#### Information shown
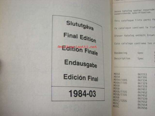 Volvo-Penta MD 5 Reservdelskatalog, Parts Catalogue -varaosaluettelo
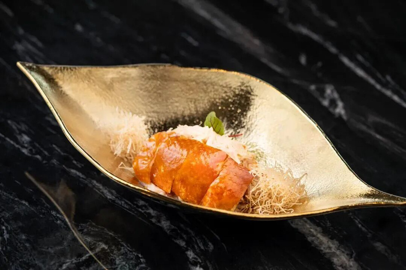 • 南沙金茂万豪酒店的“柚子脆皮手撕荔枝鸡”用明炉烤制,创新增添柚子果香,金黄酥脆外皮+酸甜鸡肉,层次感绝妙;
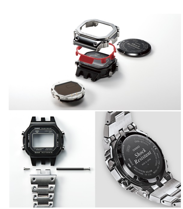 两款新作的不锈钢表圈经镜面切割与拉丝交错处理,顶面泛着冷冽银光,斜面则倒映出80年代工业美学的棱角。而且,为延续G-SHOCK的防震灵魂,日本山形工厂在两款腕表的金属表圈与内壳间嵌入精密树脂缓冲层,三齿型凸耳结构将冲击力分散传导,使金属腕表也同样能承受外部冲击的严苛考验。并且,工匠团队还为表壳装配螺旋密封底盖,通过200米水压测试,确保初代防水哲学在金属时代历久弥新。
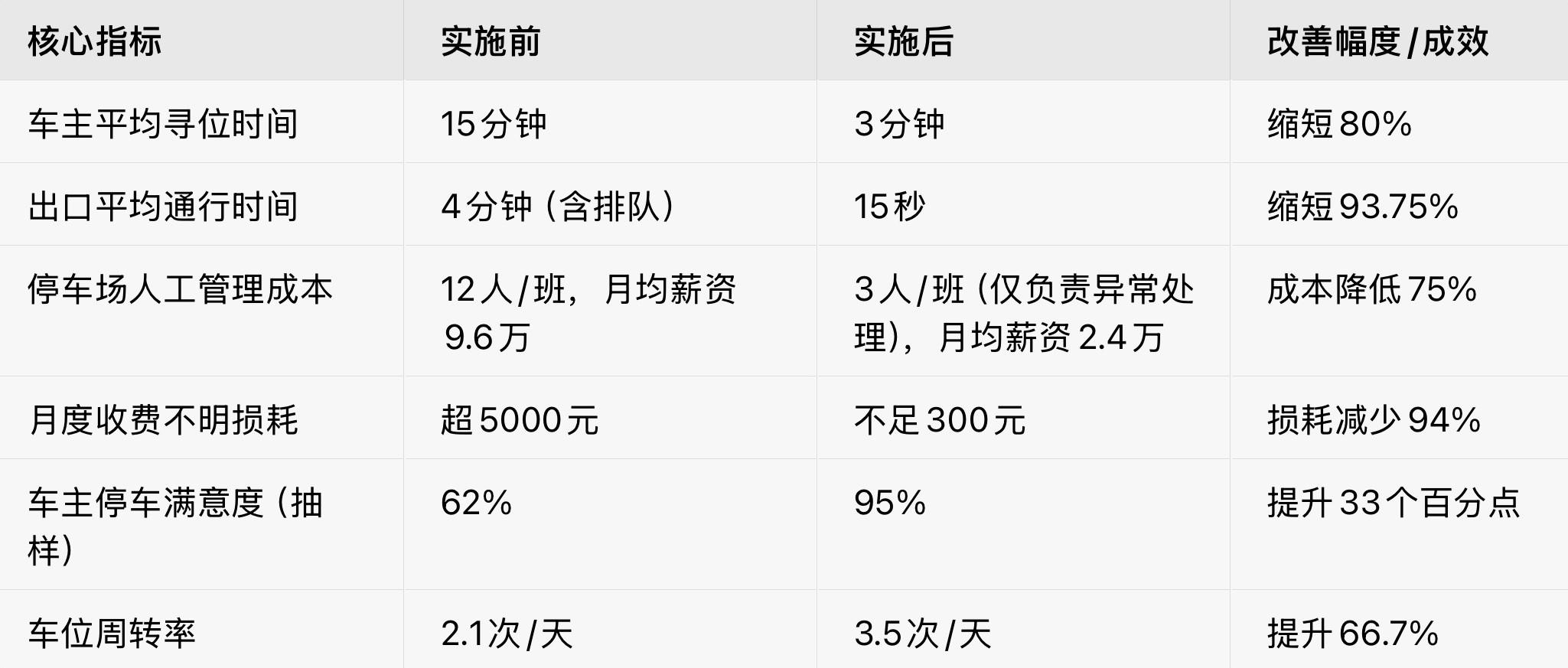 商业价值延伸:系统与综合体会员系统打通,车主消费可兑换停车时长、积分抵扣停车费,间接带动商场餐饮、零售业态消费转化,实施后月度会员复购率提升18%。

#### What you should do
Set down again, exactly, the lines from the one with "两款新作的不锈钢表圈经镜面切" to the last line of the data, both included and pictures excluded.

#### Task output
 两款新作的不锈钢表圈经镜面切割与拉丝交错处理,顶面泛着冷冽银光,斜面则倒映出80年代工业美学的棱角。而且,为延续G-SHOCK的防震灵魂,日本山形工厂在两款腕表的金属表圈与内壳间嵌入精密树脂缓冲层,三齿型凸耳结构将冲击力分散传导,使金属腕表也同样能承受外部冲击的严苛考验。并且,工匠团队还为表壳装配螺旋密封底盖,通过200米水压测试,确保初代防水哲学在金属时代历久弥新。
 商业价值延伸:系统与综合体会员系统打通,车主消费可兑换停车时长、积分抵扣停车费,间接带动商场餐饮、零售业态消费转化,实施后月度会员复购率提升18%。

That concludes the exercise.